This house, one of three built on Greenough Street in 1925, was the home of Harry Glenister (c1880-??), a dry goods merchant, his widowed sister Olive Huse (c1878-??), and their mother Marie Glenister (1852?-1938?). All three were born in England and came to the U.S. in 1888. They lived in Dorchester before moving to Brookline.

The 1930 U.S. Census listed the residents as: Harry Glenister, 50, salesman (dry goods); Maria Glenister, 78, (mother), born England; and Olive F. Huse, 52, (sister), born England. The house was valued at $15,000.

Marie Glenister was last listed in the Street List in 1938. (I presumed she had died before the next edition was published.) Harry was shown as retired from 1939 on. He and Olive were shown at this address in the Street List until 1959.

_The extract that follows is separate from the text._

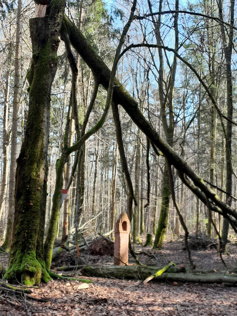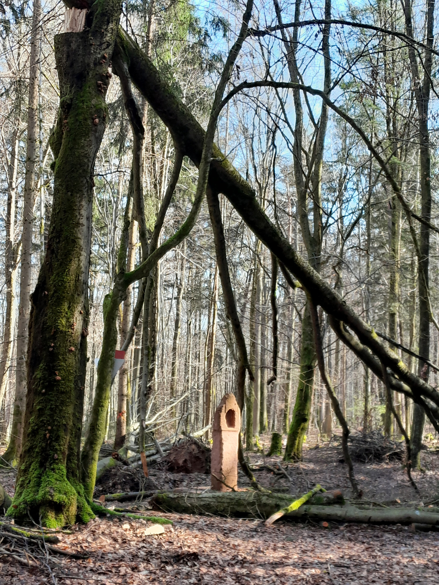 Dammbach-Wintersbach. Der Scharstein im Wald oberhalb Wintersbach hat schon fast ein halbes Jahrtausend allen Stürmen getrotzt, die über die Spessarthöhen hinweggebraust sind. Doch in diesem Winter hätte es ihn beinahe erwischt, den sagenumwobenen und immer noch geheimnisvollen Bildstock am Weg von der Heimbuchenthaler Martinskirche zur Krausenbacher Ferschenmühle. Falls im letzten Sturm das „Wilde Heer“ mitgeritten ist, hat um den Scharstein herum bestimmt eine Rotte Schutzengel Wache gehalten: Zart rosa leuchtend in den Strahlen der Frühlingssonne steht das Denkmal inmitten des Trümmerhaufens einer zerbrochenen Buche. Der eine Teil der Krone liegt am Boden, der andere Teil hängt noch wie ein Damoklesschwert genau über dem Flurdenkmal.

The architect of this house, Frederick H. Gowing, was a one-time resident of Brookline who had his office on Tremont Street in Boston. He was a builder who began to design houses by 1913 and published a pattern book of his designs in 1920 entitled "Building Plans for Modern Houses." His houses appear in a number of towns and cities near Boston. He also designed 10 Hancock Road in Blake Park.

The builder of 9 Greenough Street, R.F. Jenkins, also built three houses on Welland Road.